● Given information
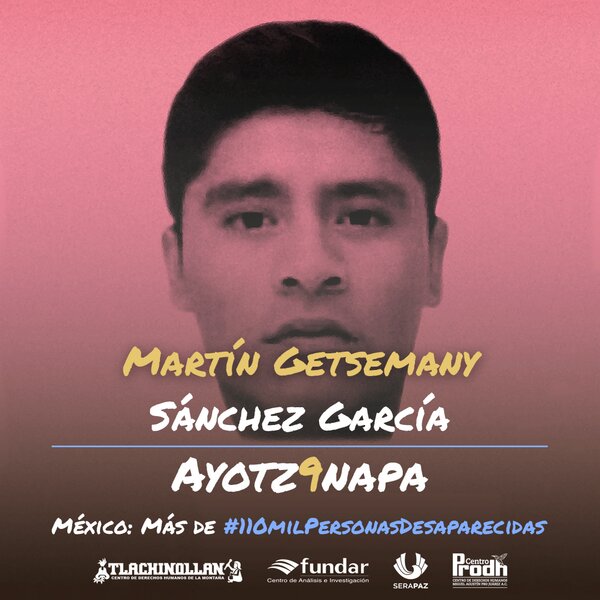 MARTÍN GETSEMANY y MAURICIO ¡Presentes! 25Sep 2023Añadir un comentario 2014-26 de Septiembre-2023. Nos sumamos a la lucha contra el olvido. Nos faltan 43 y más de 100 mil personas desaparecidas en México. ¡DÓNDE ESTÁ! ¡DÓNDE ESTÁ! Comparte esto: Haz clic para compartir en X (Se abre en una ventana nueva) X Haz clic para compartir en Facebook (Se abre en una ventana nueva) Facebook Me gusta Cargando...
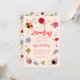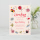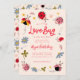 Cute girl's baby shower invitation card featuring illustration of ladybugs, flowers, and stars. The text says "a little love bug is on the way."
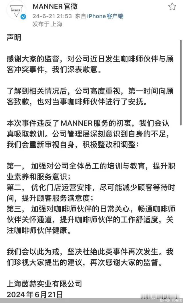 Manner就店员与顾客发生冲突进行道歉了!声称接下来会加强培训与教育,看到了一个有意思的评论:这个事情其实很简单,就是这两个员工已经不珍惜在这里的工作,对企业没有任何的归属感,不愿意从精神上或者身体上为做企业任何的承担
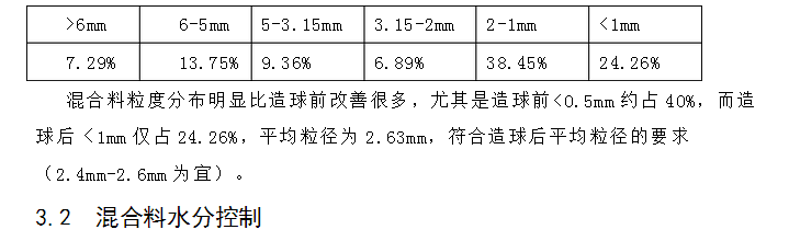 表3-1 2007年9月份實測二次混合后物料粒度為(五次平均值):

● About this exercise
When you copy the data, keep every line exact and drop the pictures.

● Expected answer
 MARTÍN GETSEMANY y MAURICIO ¡Presentes! 25Sep 2023Añadir un comentario 2014-26 de Septiembre-2023. Nos sumamos a la lucha contra el olvido. Nos faltan 43 y más de 100 mil personas desaparecidas en México. ¡DÓNDE ESTÁ! ¡DÓNDE ESTÁ! Comparte esto: Haz clic para compartir en X (Se abre en una ventana nueva) X Haz clic para compartir en Facebook (Se abre en una ventana nueva) Facebook Me gusta Cargando...
 Cute girl's baby shower invitation card featuring illustration of ladybugs, flowers, and stars. The text says "a little love bug is on the way."
 Manner就店员与顾客发生冲突进行道歉了!声称接下来会加强培训与教育,看到了一个有意思的评论:这个事情其实很简单,就是这两个员工已经不珍惜在这里的工作,对企业没有任何的归属感,不愿意从精神上或者身体上为做企业任何的承担
 表3-1 2007年9月份實測二次混合后物料粒度為(五次平均值):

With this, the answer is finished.